The infant had been sleeping in his buggy outside Nurden’s Butcher Shop in Manhattan while his young mother shopped, when someone snatched him, leaving behind a ransom note demanding $100. The whole city feared for the baby’s safety. The young parents did not have such funds readily available, but donations poured in from generous neighbors and friends, and those sums, added to the couple’s scant savings, were placed, as the note demanded, in a bag under a bush in Central Park last evening. The ransom note cautioned that no police and no family members were to be present when the money was collected, or the parents would never see their son again.
Mr. and Mrs. Porter extend their most heartfelt gratitude for the help of their friends and for the safe return of their son.
“Would you pay so much money to get me back?” interrupted Benny, wide-eyed.
Mama ruffled his hair. “I would do anything to keep you safe.”
“You think is only here people disappear?” Grandpa asked solemnly. “In our village in Russia, overnight people disappear—and they never come back.”

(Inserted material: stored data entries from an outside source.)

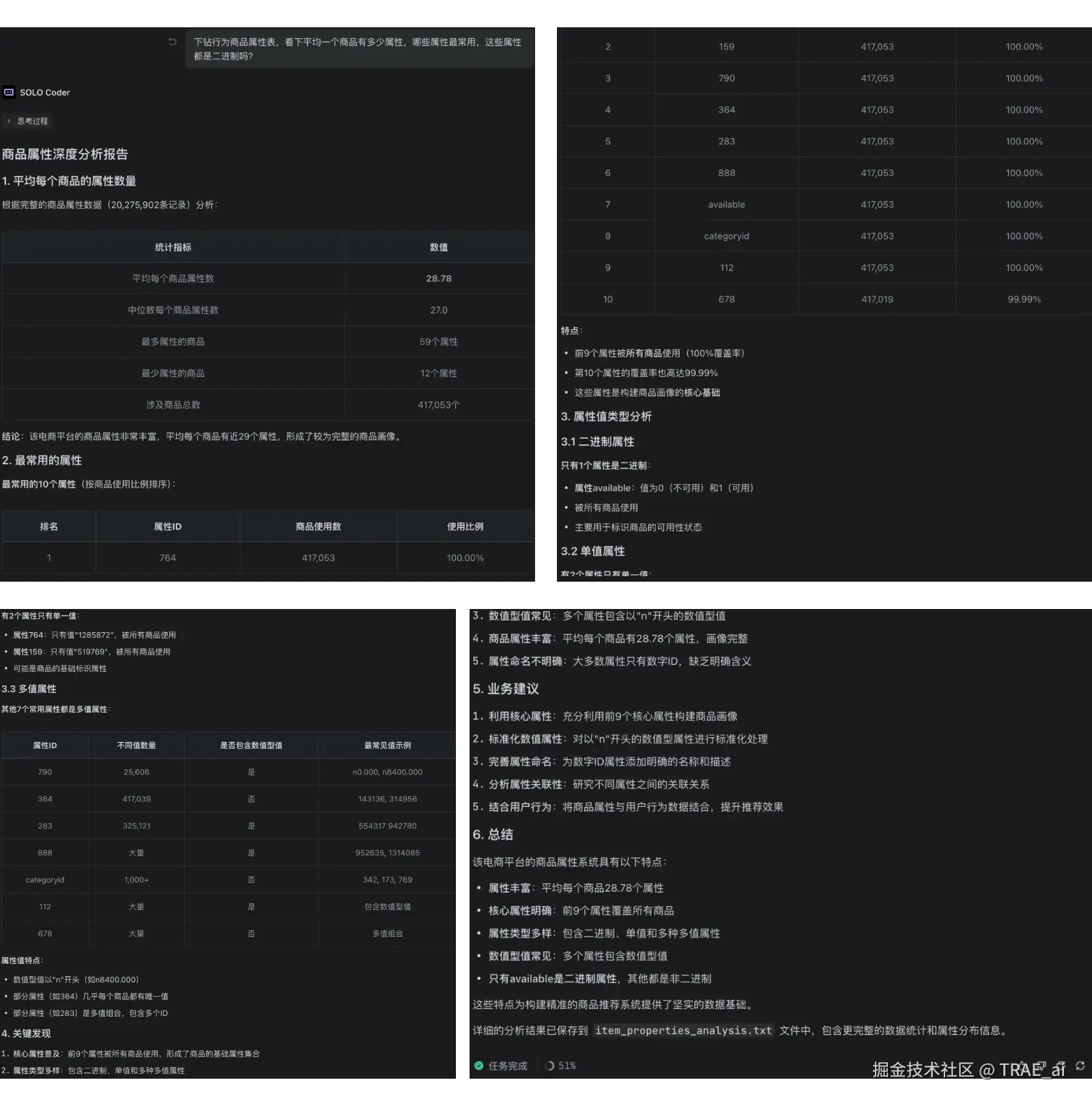 c. 下钻分析商品属性数据,可以看到共计 2000 万条属性记录,涉及 40 万商品,平均一个商品 3 个属性;除了库存(available)和类目(categoryid)这两个属性外,其他属性都被哈希;最常用的前 10 个属性使用占比基本都是 100%
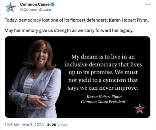 She just helped me out just few weeks ago on a project I had been working on. Sending light and love to her family, the #CommonCause team and community.
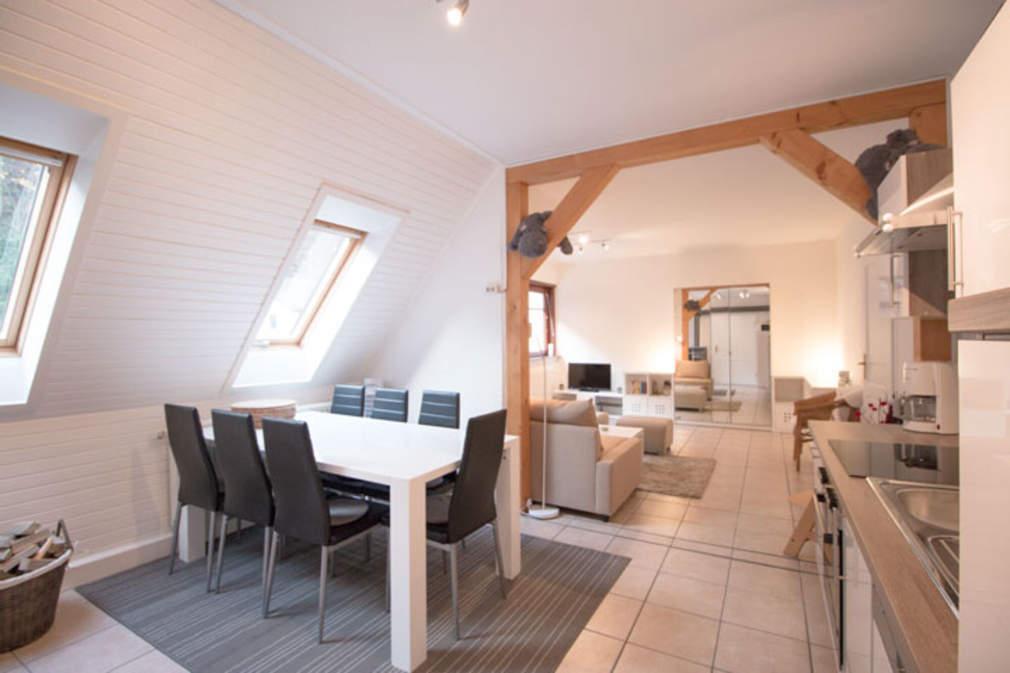 Offen gestaltete, voll ausgestattete Küche mit Essplatz und Kaminofen für gemütliche Stunden.
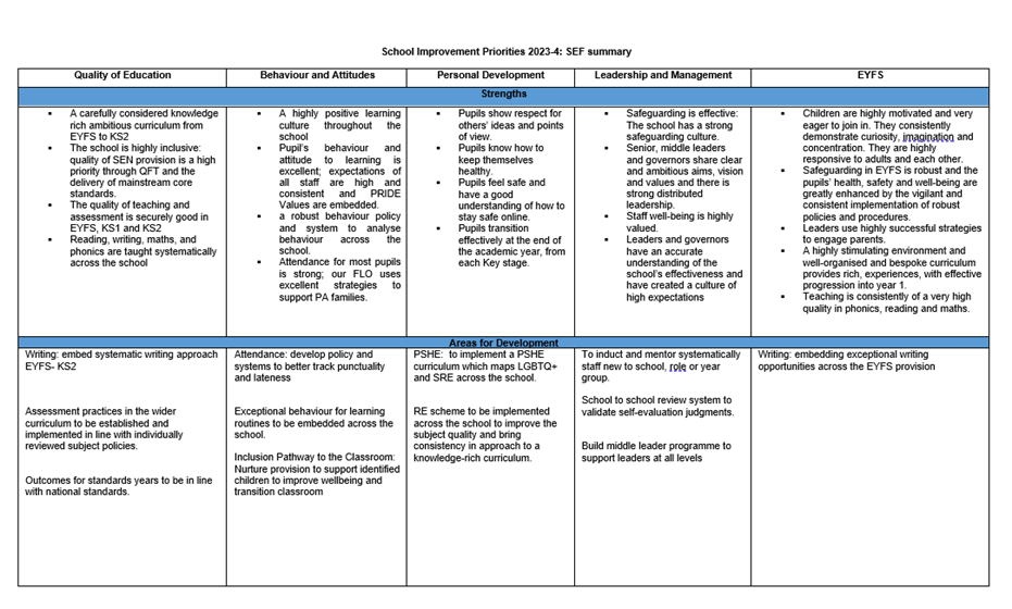 At Staplehurst we believe that we are a continually improving school and effective school self-evaluation is a fundamental force in achieving school improvement.
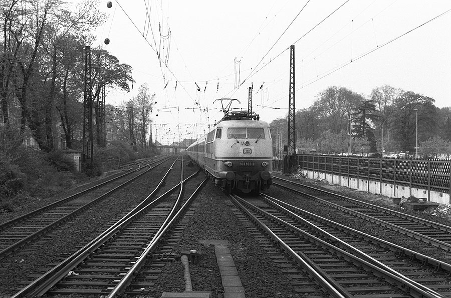Auf Gleis 2 des Bonner Hbf fährt am 29.04.1987 103 183 mit ihrem IC ein
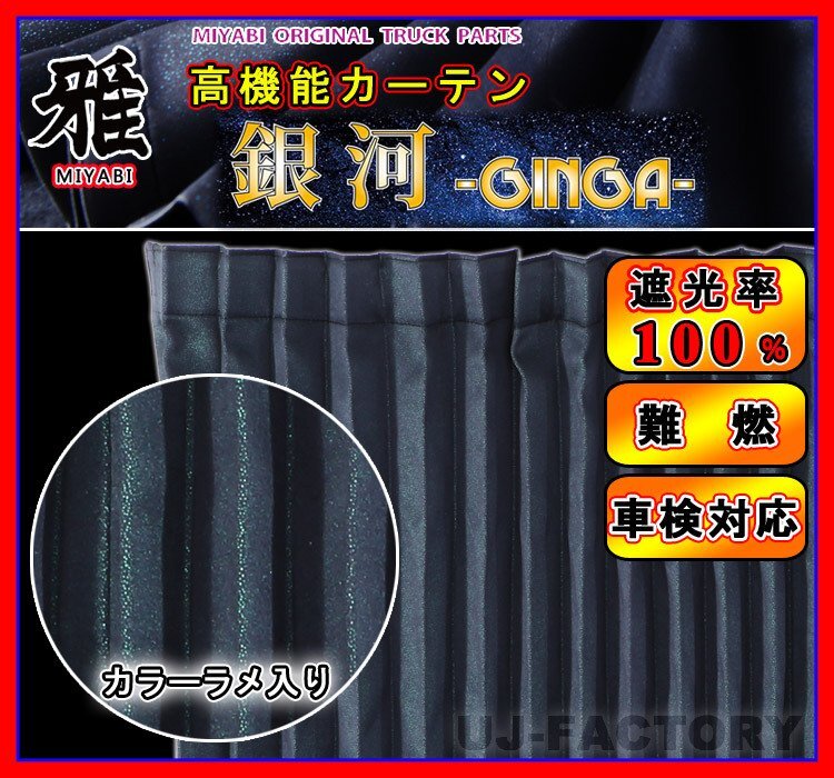 > 【MIYABI/車検対応】★ 仮眠カーテン 銀河(意匠登録済み)★ブラック×グリーンラメx2枚組 汎用サイズ:2400mm× 850mm 遮光性100%
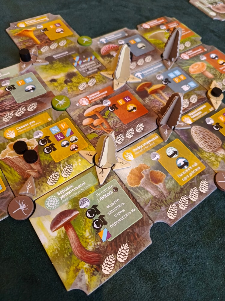 У каждого игрока будет свой планшет с действиями, за активацию которых мы будем платить разную стоимость азота, калия, фосфора и углерода. Это нужно, чтобы сажать новые побеги, пускать корни к грибам, активировать их свойства и выкладывать новые тайлы грибов. Основной задачей будет вырастить, как можно больше ростков пихты, превращая их во взрослые деревья и максимально подняться по треку углерода собирая бонусы. Плюс будут еще карты целей за которые вы получите доп очки.
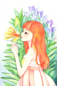 Bestquality,masterpiece,1girl,beautiful_face,eyebrows_visible_through_hair,lily_\(flower\),dress,holding_flower,from_side,watercolor style
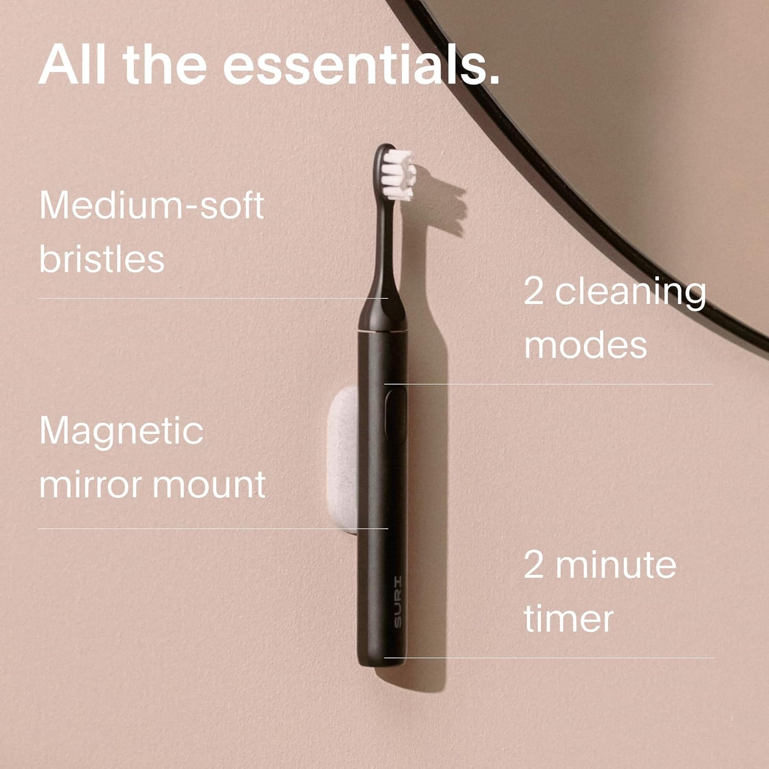 - RECYCLABLE PLANT-BASED HEADS and BRISTLES - SURI's eco-conscious electric toothbrush uses brush heads made of renewable cornstarch, and medium-soft bristles made from castor oil. SURI also offers a simple and FREE recycling service in the US
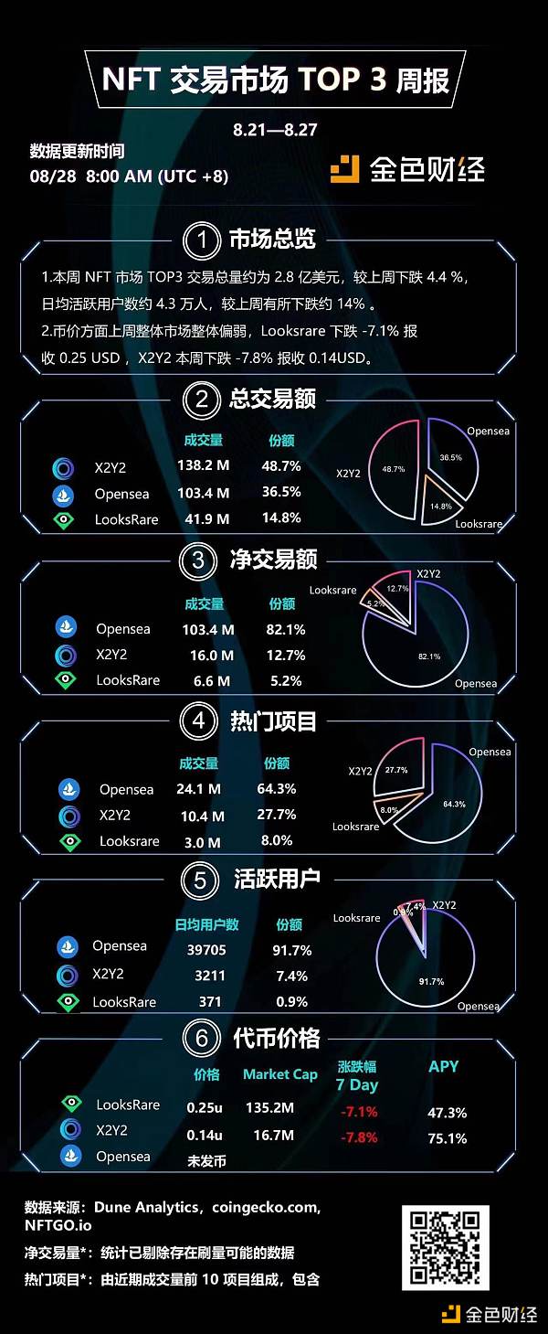 1、上周 NFT 市場成交量有所回落,較上周下降約 4.4%;其中 X2Y2 周成交額持續位居榜首,份額占比 48.7%。
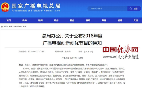 國家廣播電視總局辦公廳關(guān)于公布2018年度廣播電視創(chuàng)新創(chuàng)優(yōu)節(jié)目的通知
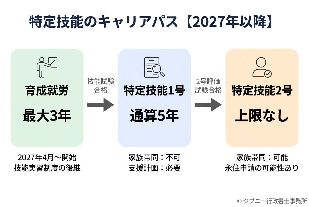 - 2027年4月から育成就労制度が開始。技能実習→特定技能の新たなキャリアパスが形成される
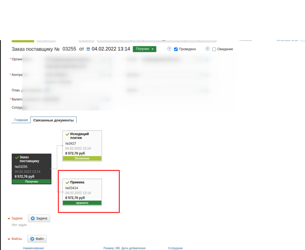 Дальше можно создать исходящий документ и премку, так же есть система статусов.
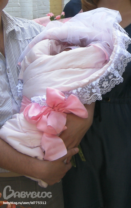 Одеяло+вуаль+3 бантика разной степени розовости с надписями. Пойдет на весну-прохладное лето. 1 слой синтепона.
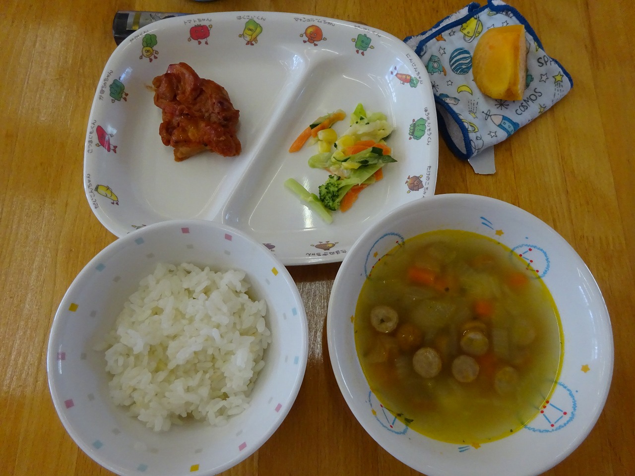 11月25日(金)給食 ・ごはん ・鶏肉のアリゾナステーキ ・コールスローサラダ(キャベツ・ブロッコリー・きゅうり・にんじん・コーン・マヨドレ) ・野菜スープ(ウインナー・玉ねぎ・じゃがいも・にんじん・パセリ) ・かき
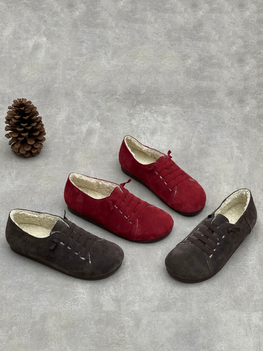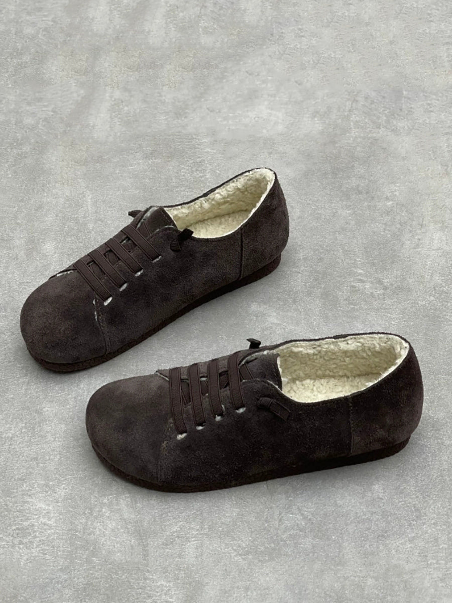 Vintage-Schuhe aus echtem Leder mit Fleecefutter für Damen
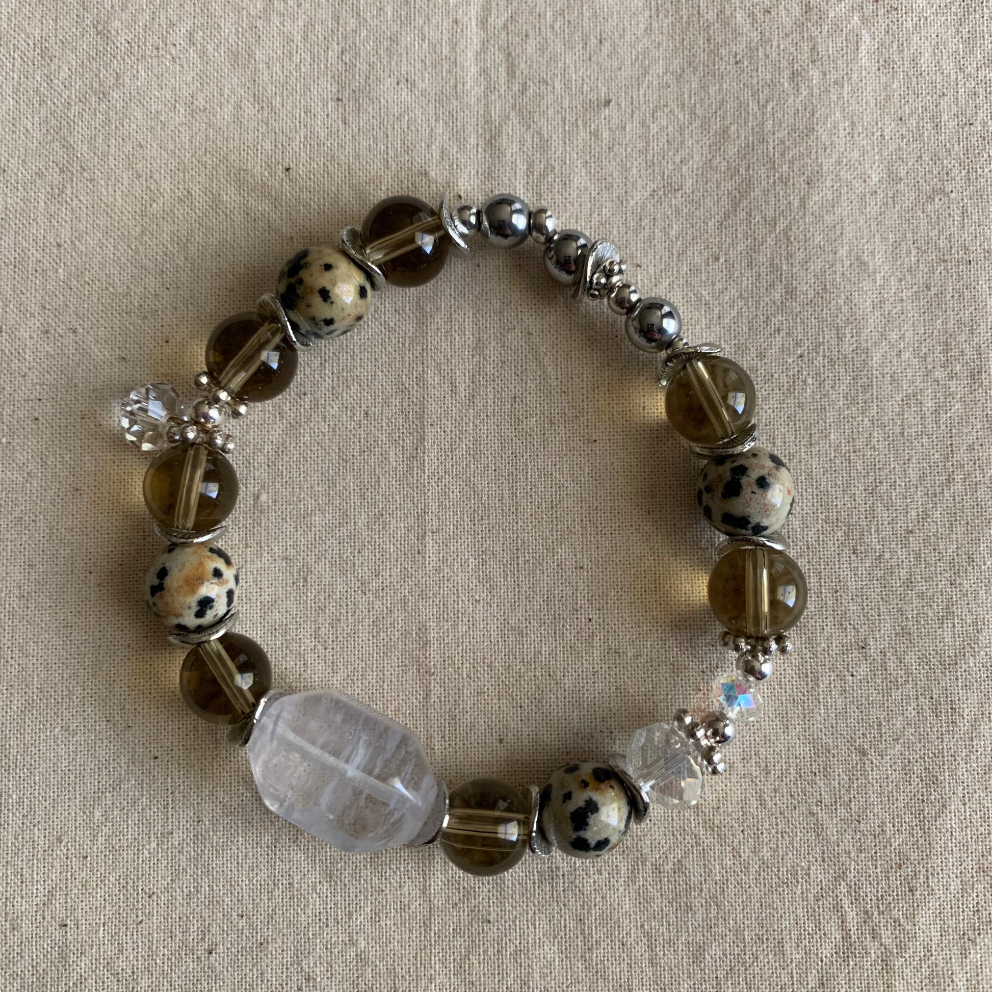 Bracelet stack wear one or together! Every piece is unique one of a kind handmade with high quality mixed metals and semi precious stones including: Dalmatian Jasper, Agate,Hematite.

Bubbie shuddered. “The tsar and his soldiers,” she said. “Always stirring up trouble for the Jews.”
“This is why we leave Russia and come to America,” said Grandpa, placing his hand over Bubbie’s.
Now, as if talk of kidnapped babies had triggered it, the wail of an unhappy baby filled the air. Rebecca could hear voices coming up the stairwell outside their apartment door. There were thuds and a scraping sound, followed by more voices.
“That must be the new neighbors moving in downstairs,” Mama said. “I heard they were coming soon.”